Provided entries →

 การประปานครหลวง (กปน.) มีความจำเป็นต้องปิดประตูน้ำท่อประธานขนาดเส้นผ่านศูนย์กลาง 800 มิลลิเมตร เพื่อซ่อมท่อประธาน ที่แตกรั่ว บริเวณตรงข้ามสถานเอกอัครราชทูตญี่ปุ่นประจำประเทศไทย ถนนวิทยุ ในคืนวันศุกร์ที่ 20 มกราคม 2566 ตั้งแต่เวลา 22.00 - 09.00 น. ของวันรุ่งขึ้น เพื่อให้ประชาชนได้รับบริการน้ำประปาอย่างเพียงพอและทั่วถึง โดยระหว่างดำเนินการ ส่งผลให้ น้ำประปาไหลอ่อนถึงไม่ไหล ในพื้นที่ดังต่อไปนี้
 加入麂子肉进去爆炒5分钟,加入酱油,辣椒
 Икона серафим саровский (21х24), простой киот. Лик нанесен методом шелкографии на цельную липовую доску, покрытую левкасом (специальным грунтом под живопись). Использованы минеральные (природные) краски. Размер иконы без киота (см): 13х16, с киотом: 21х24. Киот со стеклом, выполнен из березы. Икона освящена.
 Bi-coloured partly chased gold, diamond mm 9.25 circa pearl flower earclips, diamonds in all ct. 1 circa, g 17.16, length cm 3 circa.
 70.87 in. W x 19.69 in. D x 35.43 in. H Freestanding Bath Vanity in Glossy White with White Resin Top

---

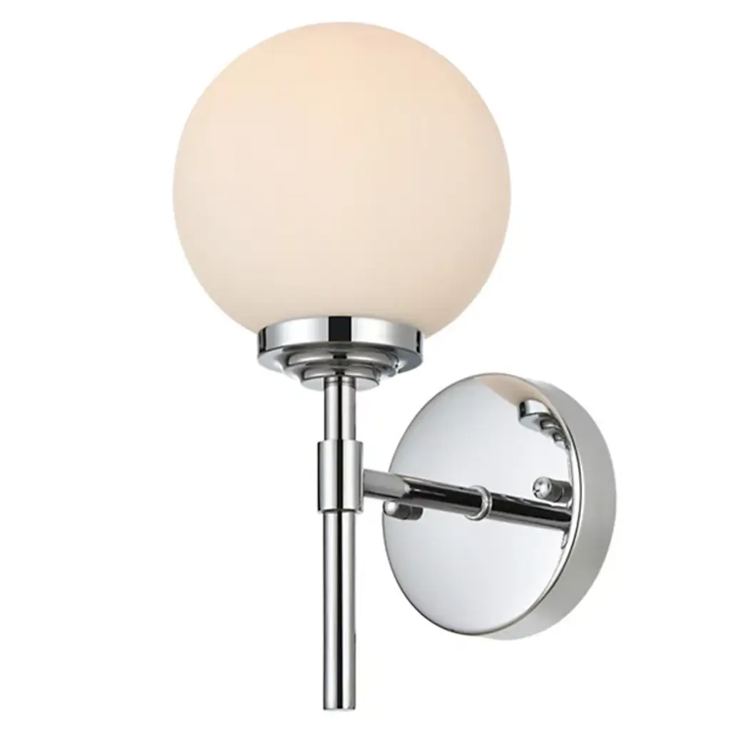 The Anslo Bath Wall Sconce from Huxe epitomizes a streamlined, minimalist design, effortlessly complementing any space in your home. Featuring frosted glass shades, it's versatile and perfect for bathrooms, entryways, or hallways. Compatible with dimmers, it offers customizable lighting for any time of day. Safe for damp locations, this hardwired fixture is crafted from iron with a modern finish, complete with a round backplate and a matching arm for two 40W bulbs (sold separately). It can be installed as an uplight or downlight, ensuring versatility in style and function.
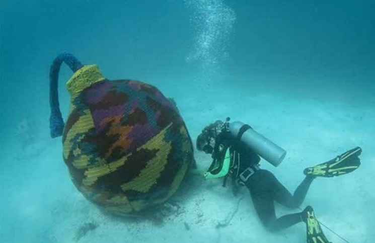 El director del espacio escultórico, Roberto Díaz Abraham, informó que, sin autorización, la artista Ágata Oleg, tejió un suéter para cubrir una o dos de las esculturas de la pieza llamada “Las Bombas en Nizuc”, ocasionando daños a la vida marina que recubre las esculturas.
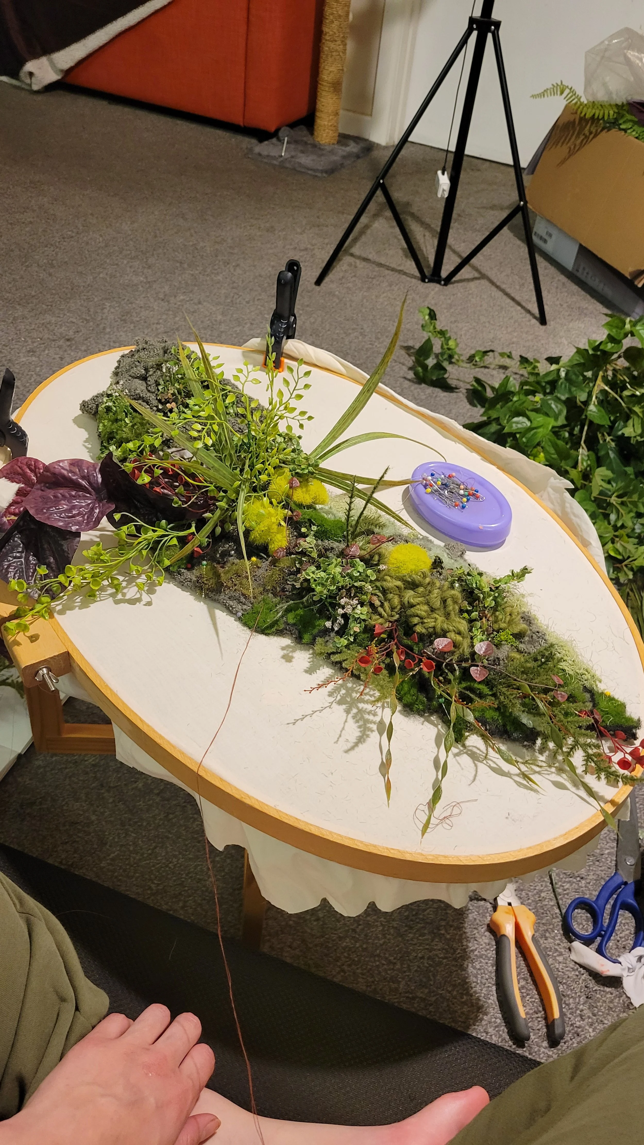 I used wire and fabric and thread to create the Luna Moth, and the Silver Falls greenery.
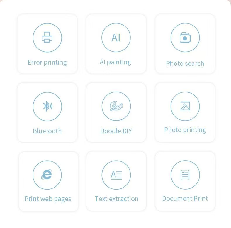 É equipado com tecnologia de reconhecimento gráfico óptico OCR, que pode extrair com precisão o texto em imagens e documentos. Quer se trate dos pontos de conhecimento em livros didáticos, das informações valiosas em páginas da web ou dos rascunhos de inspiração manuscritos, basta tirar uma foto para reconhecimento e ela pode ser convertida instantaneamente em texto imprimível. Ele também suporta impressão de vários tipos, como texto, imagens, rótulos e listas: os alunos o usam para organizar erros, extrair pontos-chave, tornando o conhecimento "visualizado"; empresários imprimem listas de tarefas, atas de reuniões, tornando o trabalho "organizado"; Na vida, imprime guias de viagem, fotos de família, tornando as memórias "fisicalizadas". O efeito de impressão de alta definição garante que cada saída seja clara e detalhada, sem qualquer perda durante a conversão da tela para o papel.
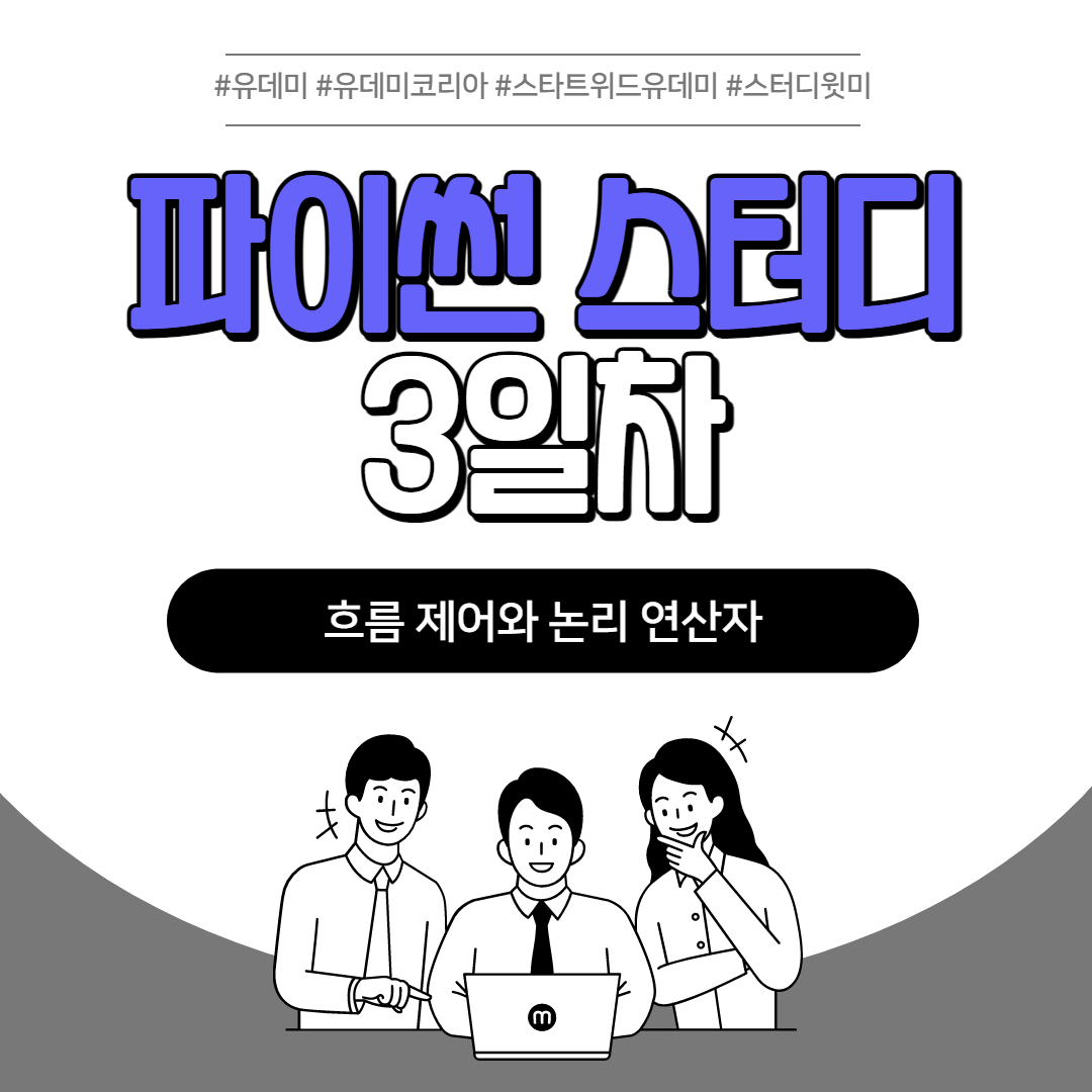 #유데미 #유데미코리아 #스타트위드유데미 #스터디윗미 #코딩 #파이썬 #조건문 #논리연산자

Directions →
The answer is the run of lines above from the line containing "加入麂子肉进去爆炒5分钟,加入酱油,辣椒" through the line containing "Икона серафим саровский", copied exactly and alone.

Output for this exercise →
 加入麂子肉进去爆炒5分钟,加入酱油,辣椒
 Икона серафим саровский (21х24), простой киот. Лик нанесен методом шелкографии на цельную липовую доску, покрытую левкасом (специальным грунтом под живопись). Использованы минеральные (природные) краски. Размер иконы без киота (см): 13х16, с киотом: 21х24. Киот со стеклом, выполнен из березы. Икона освящена.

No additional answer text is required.